A new year. A new approach to programming.
Folks: It is 2012 (well over here it is)—and it is time to refresh and renew the Art of Programming a little.
In some ways, programming is quite far advanced as of today—yet in some other ways it pretty curiously lags behind. Here are some examples:
- Error reporting, repairment and, finally, solving is an awkward process in very many systems. Errors are lost in obscure logs (or in no log at all). Continuing a program that was halted due to an error is not possible in typically used languages.
- Migrating programs from one machine to another is usually cumbersome.
- Influencing or augmenting a program while it runs is typically difficult or impossible.
- Combining two programs into a larger one is strangely complicated and often causes a lot of errors.
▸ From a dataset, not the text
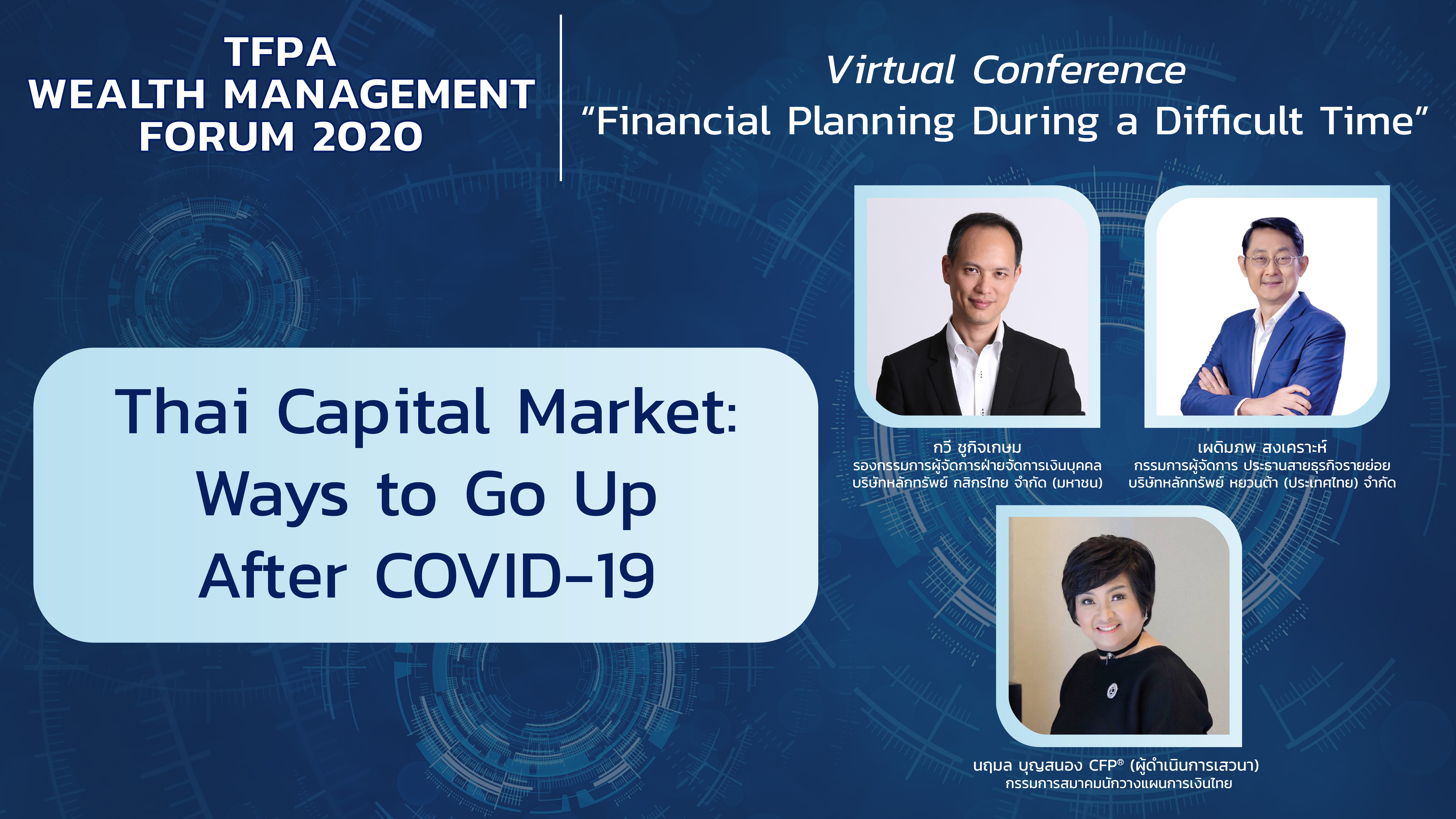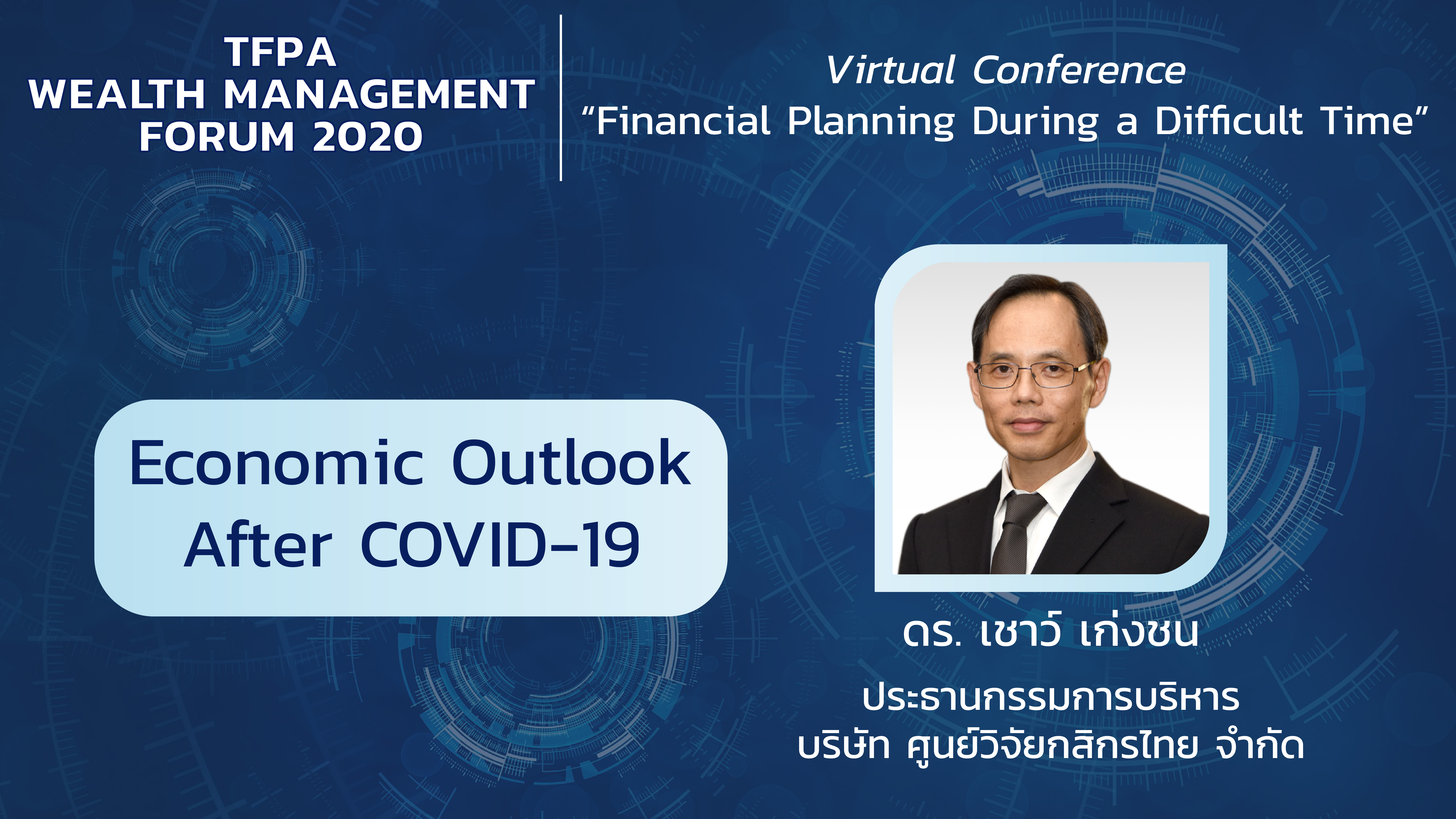 สวัสดีครับ วารสาร TFPA Bulletin ฉบับส่งท้ายปี 2563 ในคอลัมน์ Cover Story ขอนำเสนอสรุปสาระสำคัญจากงานสัมมนา TFPA Wealth Management Forum 2020 ซึ่งครั้งนี้เป็นปีแรกที่สมาคมฯ จัดงานดังกล่าวในรูปแบบออนไลน์ ธีมหลักของการสัมมนาในปีนี้ คือ Financial Planning During a Difficult Time สมาคมฯ ได้รับเกียรติจากวิทยากรผู้ทรงคุณวุฒิมาร่วมแบ่งปันมุมมองและประสบการณ์ที่น่าสนใจและเป็นประโยชน์อย่างมากต่อการนำไปประยุกต์ใช้ ทั้งในการปฏิบัติงานและการดำเนินชีวิตส่วนตัว ผ่านการบรรยายและการเสวนาในประเด็นต่างๆ ได้แก่ แนวโน้มเศรษฐกิจไทยหลังโควิด 19 ผลกระทบของโควิด 19 ที่มีต่อการลงทุนในตลาดหุ้น ทางเลือกการลงทุนในสถานการณ์ที่มีความเสี่ยงเรื่องสภาพคล่อง การเตรียมตัวเมื่อต้องเผชิญหน้ากับสถานการณ์ที่ต้องเกษียณโดยไม่ได้ตั้งใจ และการบริหารจัดการเรื่องการเงิน หนี้สิน การลงทุน และการวางแผนเพื่อสามารถรับมือได้อย่างเหมาะสมหากเกิดสถานการณ์ฉุกเฉิน

- The processes of programming, running a program, writing test cases and solving the test cases are separated from each other and incur a lot of duplicate work.
New Programming aims to introduce a number of new concepts into well-known programming languages that solve those problems. Establish new standards in important areas.
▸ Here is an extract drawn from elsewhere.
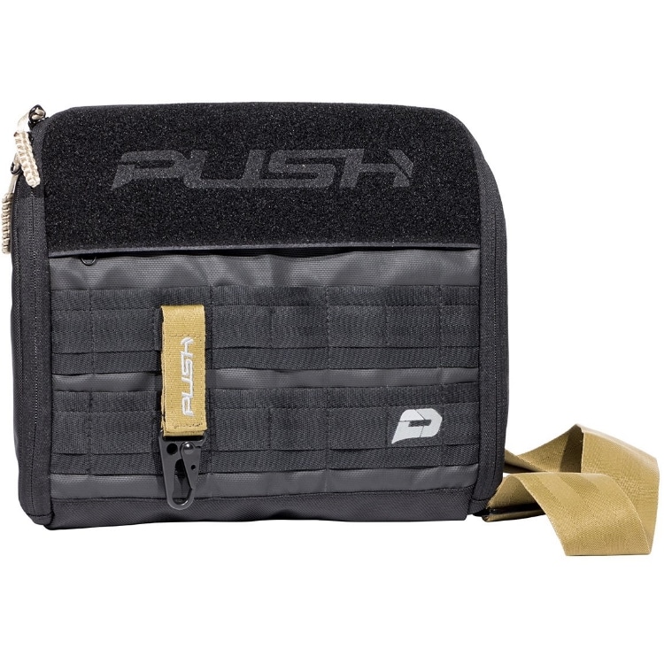 Paintball Markierer Tasche der Marke Push. Diese Tasche ist speziell für den sicheren Transport deines Paintball Markierers entwickelt worden. Sie bietet Platz für den Markierer, die Läufe sowie Werkzeug und Ersatzteile. Das Ganze lässt sich dann, dank der breiten Schlinge, bequem am Körper tragen.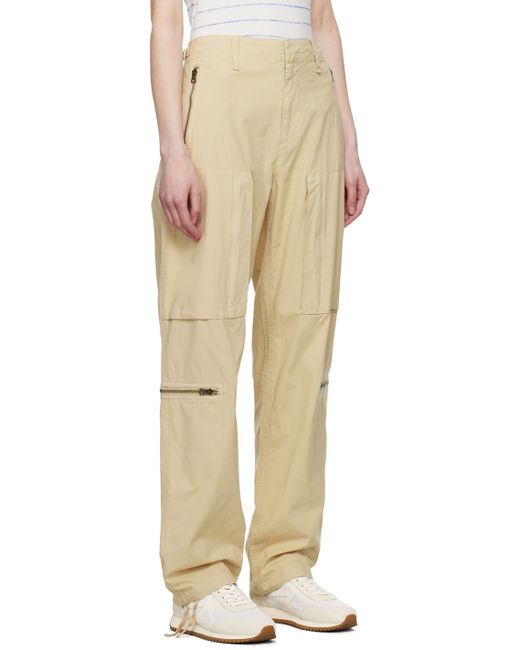 Lightweight overdyed cotton ripstop trousers. · Belt loops · Cinch tabs at waistband · Four-pocket styling · Zip-fly · Self-tie drawstring at cuffs · Zip pockets at outseams Supplier color: Beige

Because there is more—than what we have today. We can build new standard services right into the runtimes and thus greatly simplify our day-to-day programming jobs.
The quality of these ideas is, in a funny irony, probably the very reason why they have not been introduced before—at least not practically (large-scale).
People, strangely, did not want to make their lives too easy.
Because if their lives were too easy—then they might not "have work" anymore. And since they had this weird idea of "work" as a necessary component in their lives (God only knows why they thought that!), they were afraid to let go of their burden.
But now is the time to shed that burden. Let us make programming a natural, flowing task again. We want to be programming—yet not: "working".
Not 'working' in the tedious sense anyway.
So let's get started with those improvements, shall we?